I do not think there will be any significant changes in the design 
(assuming you and other reviewers also like it :P). Aarch64 and x86(-64) 
are fine imo (for months now...), all but S390 need more testing.


As for the S390 port, I admit I gave up getting a cross-compilation and 
emulator set up for S390, and its (macro-)assembly seemed so much 
different that the other ports, and pushing it through GHA repeatedly 
until it at least compiles takes too much time too.


There is a big FIXME in its generate_post_barrier_fast_path() in 
g1BarrierSetAssembler_s390.cpp file; other than that method 
implementation, only cleanup/removal of unnecessary code like for the 
other ports should be required.


All other (very few) FIXMEs are about removing debug log messages or 
code that can be removed when all ports are done.


The reason for the delay for posting the PR is that the JEP text needs 
some more refactoring until we can submit and post the official PR (and 
there is some time until the JDK 24 fork anyway).

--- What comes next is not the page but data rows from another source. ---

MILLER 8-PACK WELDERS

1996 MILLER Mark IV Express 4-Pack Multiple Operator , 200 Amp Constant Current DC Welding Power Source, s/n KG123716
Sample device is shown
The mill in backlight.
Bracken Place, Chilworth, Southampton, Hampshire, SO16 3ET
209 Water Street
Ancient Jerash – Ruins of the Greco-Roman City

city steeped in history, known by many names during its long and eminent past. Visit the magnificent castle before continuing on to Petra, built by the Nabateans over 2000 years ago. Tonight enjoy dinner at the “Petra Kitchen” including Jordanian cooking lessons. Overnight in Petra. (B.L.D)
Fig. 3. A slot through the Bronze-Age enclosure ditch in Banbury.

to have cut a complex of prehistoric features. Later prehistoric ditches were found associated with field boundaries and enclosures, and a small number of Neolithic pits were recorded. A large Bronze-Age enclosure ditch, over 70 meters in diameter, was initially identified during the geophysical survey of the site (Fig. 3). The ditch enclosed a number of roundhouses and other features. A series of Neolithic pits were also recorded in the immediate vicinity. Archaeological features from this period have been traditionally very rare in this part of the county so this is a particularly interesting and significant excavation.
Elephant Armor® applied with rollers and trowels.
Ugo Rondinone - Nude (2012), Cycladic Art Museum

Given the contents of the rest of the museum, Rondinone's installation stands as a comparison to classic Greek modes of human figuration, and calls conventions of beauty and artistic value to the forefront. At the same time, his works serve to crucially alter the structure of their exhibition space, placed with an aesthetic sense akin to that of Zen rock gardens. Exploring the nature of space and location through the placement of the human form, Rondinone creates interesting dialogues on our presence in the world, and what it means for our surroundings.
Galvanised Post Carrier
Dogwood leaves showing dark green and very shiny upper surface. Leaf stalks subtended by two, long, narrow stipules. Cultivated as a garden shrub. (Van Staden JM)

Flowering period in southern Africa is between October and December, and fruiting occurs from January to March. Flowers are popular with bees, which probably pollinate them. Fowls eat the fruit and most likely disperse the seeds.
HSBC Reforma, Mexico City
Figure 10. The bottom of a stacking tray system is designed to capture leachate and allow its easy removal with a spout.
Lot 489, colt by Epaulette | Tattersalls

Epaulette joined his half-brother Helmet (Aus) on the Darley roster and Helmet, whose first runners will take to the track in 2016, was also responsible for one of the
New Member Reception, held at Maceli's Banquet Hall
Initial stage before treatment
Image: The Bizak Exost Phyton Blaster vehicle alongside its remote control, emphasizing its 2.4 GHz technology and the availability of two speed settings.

The implementation CR also already contains some more information about 
the implemetation (https://bugs.openjdk.org/browse/JDK-8342382), which 
will also be updated a little before asking for reviews.


Hth,
  Thomas

On 22.10.24 10:26, Thomas Schatzl wrote:

Hi all,

   we in the GC team have been experimenting with new post-write 
barriers for G1 to reduce the throughput difference between G1 and 
Parallel GC.


After quite a few attempts we think we found a balanced solution between 
overall complexity and impact on throughput and latency.

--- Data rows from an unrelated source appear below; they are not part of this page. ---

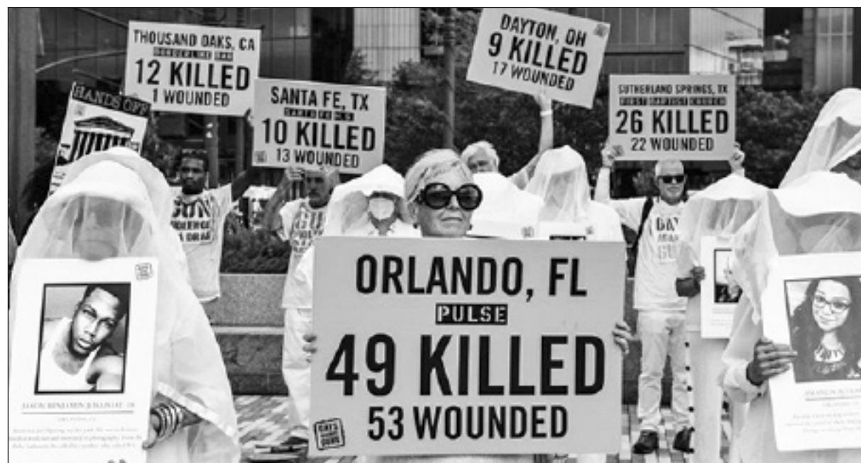
• Mass shootings in the US remembered.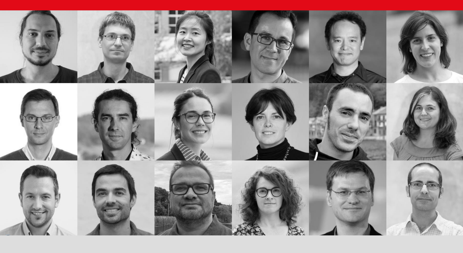
63 ikerbasque Research Fellows currently develop their research in Basque scientific institutions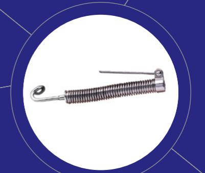
3M™ Forsus™ Class II Correctors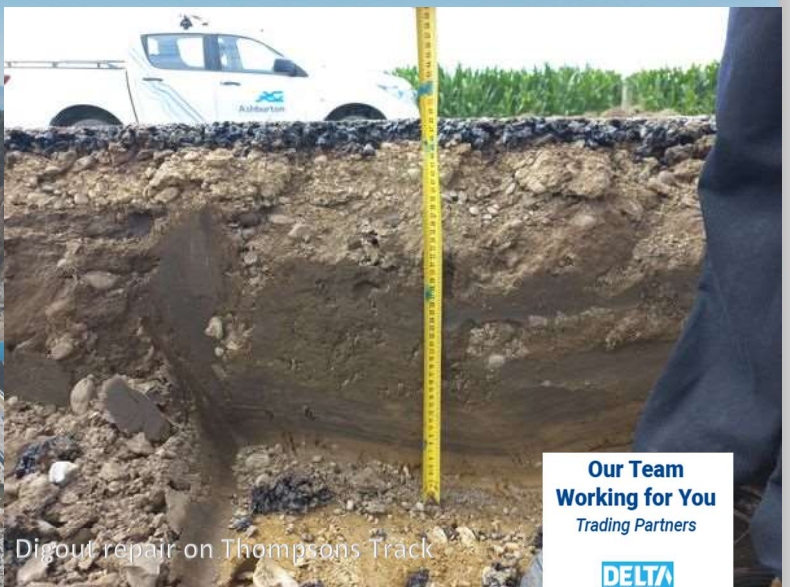
Digout repair on Thompsons Track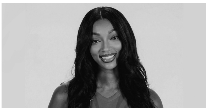
Angel Reese was traded from the Chicago Sky to the Atlanta Dream for future first round picks.

Atlanta's own, Taylor Rooks, took to Twitter/X to report the Chicago Sky would be trading Angel Reese, a two-time WNBA All-Star, to the Atlanta Dream. The news would later be confirmed by multiple outlets. The Dream acquired Reese in exchange for Atlanta's first-round picks in 2027 and 2028. The Dream also receives the right to swap second-round picks with the Sky in 2028. "I'm beyond grateful for the opportunity to join the Atlanta Dream organization," Reese said in a news release from the Dream. "I'm focused on continuing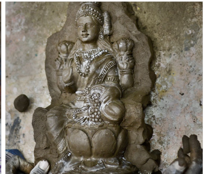
A base of the mould is made adjacent to the idol.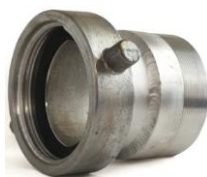
4" BSP x 4" BSRT Female Adaptor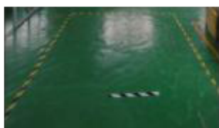
Image distortion correction

The camera runs on intelligent software. As a result the unwanted bulging in

The JEP draft in [1] summarizes the new write barrier and other relevant 
changes; feel free to also chime in in the a public discussion thread 
[2] if there are any questions.


Summarizing, throughput is always better or the same as before, 
sometimes getting very close to Parallel GC. There are no changes to 
latency with pause times being a bit better at the cost of some native 
memory.


This email is mostly an advance notice that unfortunately the new write 
barrier is incompatible with the old one, so effort is required to make 
G1 work again on all platforms. Hence we would like to ask you to help 
us with them.


We intend to post a PR containing the implementation in the next (one or 
two) weeks (for this CR [3]); our goal would be to merge sometime for 
(early?) JDK 25 together with all barrier changes completed.


At Oracle we will as usual fully support the x64_64 and aarch64 platforms.

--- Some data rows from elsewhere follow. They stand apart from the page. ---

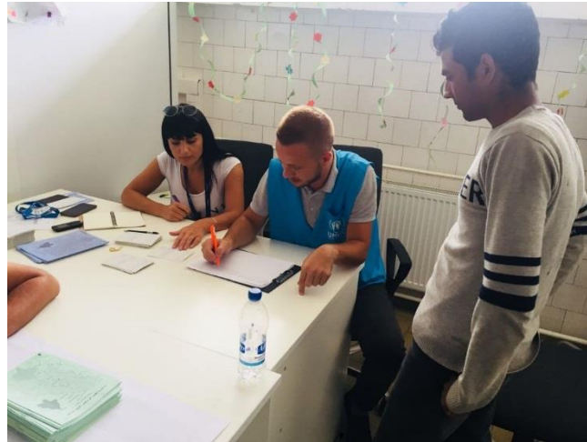
Profiling of arrivals to Bujanovac Reception Centre, August 2018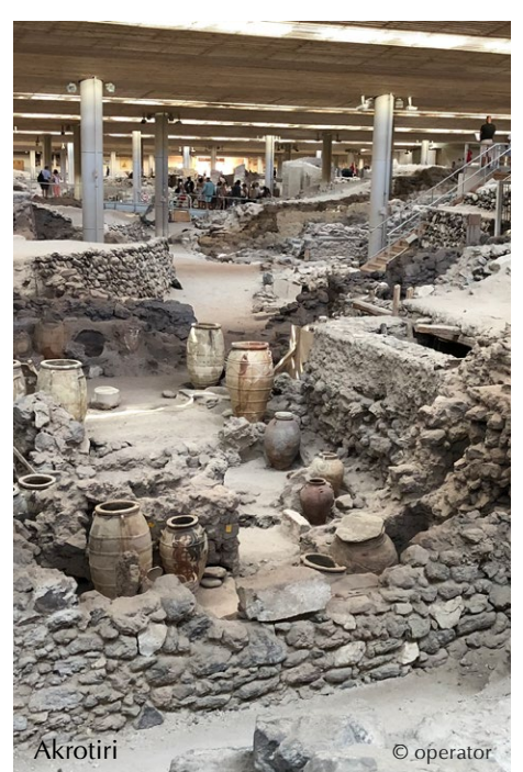
© Copyright 2021 Eos Study Tours. All rights reserved.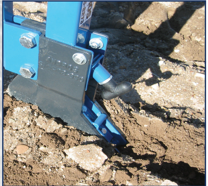
SI0909-001 Swept-back SBA

The tool can be mounted to any conventional tool bar and to most precision planters. This allows for very precise placement of tape in relationship to seed line or transplants.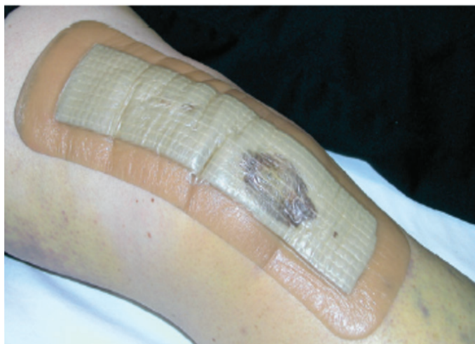
Acceptable amount of fluid.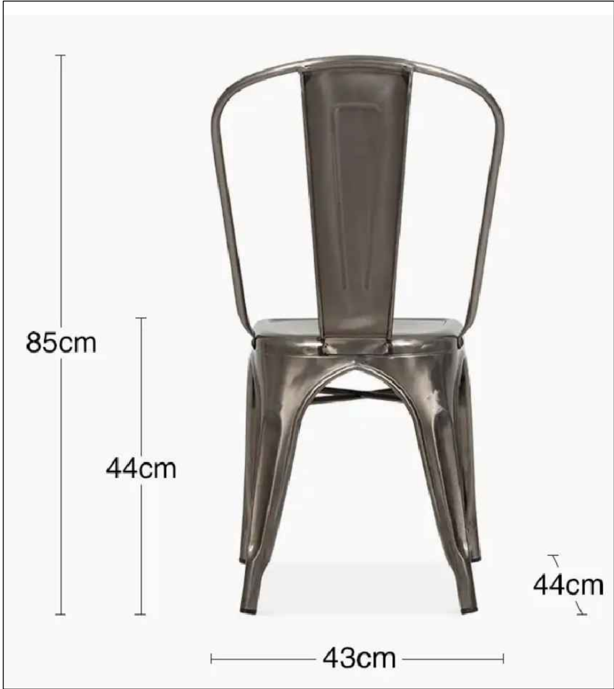
PROPOSED CHAIR DESIGN DETAIL

There are (seemingly) working implementations for riscv, aarch32/arm, 
and x86, which would need further testing/checking, but completely 
missing are barriers for PPC and S390 (I tried my luck with those, but 
gave up a after a bit ...).


Thanks in advance,
   Thomas

[1] https://bugs.openjdk.org/browse/JDK-8342382
[2] 
https://mail.openjdk.org/pipermail/hotspot-gc-dev/2024-October/049944.html

[3] https://bugs.openjdk.org/browse/JDK-8342382




Re: Porting request for JEP Reduce Latency of G1 Write Barriers

2024-11-08 Thread Thomas Schatzl

Hi all,

  fwiw, here's the current branch with these changes so you can have a 
look:


https://github.com/tschatzl/jdk/tree/submit/8342382-card-table-instead-of-dcq 



I do not think there will be any significant changes in the design 
(assuming you and other reviewers also like it :P). Aarch64 and x86(-64) 
are fine imo (for months now...), all but S390 need more testing.


As for the S390 port, I admit I gave up getting a cross-compilation and 
emulator set up for S390, and its (macro-)assembly seemed so much 
different that the other ports, and pushing it through GHA repeatedly 
until it at least compiles takes too much time too.


There is a big FIXME in its generate_post_barrier_fast_path() in 
g1BarrierSetAssembler_s390.cpp file; other than that method 
implementation, only cleanup/removal of unnecessary code like for the 
other ports should be required.


All other (very few) FIXMEs are about removing debug log messages or 
code that can be removed when all ports are done.


The reason for the delay for posting the PR is that the JEP text needs 
some more refactoring until we can submit and post the official PR (and 
there is some time until the JDK 25 fork anyway).


The implementation CR also already contains some more information about 
the implemetation (https://bugs.openjdk.org/browse/JDK-8342382), which 
will also be updated a little before asking for reviews.


Hth,
  Thomas

On 22.10.24 10:26, Thomas Schatzl wrote:

Hi all,

   we in the GC team have been experimenting with new post-write 
barriers for G1 to reduce the throughput difference between G1 and 
Parallel GC.


After quite a few attempts we think we found a balanced solution between 
overall complexity and impact on throughput and latency.


The JEP draft in [1] summarizes the new write barrier and other relevant 
changes; feel free to also chime in in the a public discussion thread 
[2] if there are any questions.


Summarizing, throughput is always better or the same as before, 
sometimes getting very close to Parallel GC. There are no changes to 
latency with pause times being a bit better at the cost of some native 
memory.


This email is mostly an advance notice that unfortunately the new write 
barrier is incompatible with the old one, so effort is required to make 
G1 work again on all platforms. Hence we would like to ask you to help 
us with them.


We intend to post a PR containing the implementation in the next (one or 
two) weeks (for this CR [3]); our goal would be to merge sometime for 
(early?) JDK 25 together with all barrier changes completed.


At Oracle we will as usual fully support the x64_64 and aarch64 platforms.

There are (seemingly) working implementations for riscv, aarch32/arm, 
and x86, which would need further testing/checking, but completely 
missing are barriers for PPC and S390 (I tried my luck with those, but 
gave up a after a bit ...).


Thanks in advance,
   Thomas

[1] https://bugs.openjdk.org/browse/JDK-8342382
[2] 
https://mail.openjdk.org/pipermail/hotspot-gc-dev/2024-October/049944.html

[3] https://bugs.openjdk.org/browse/JDK-8342382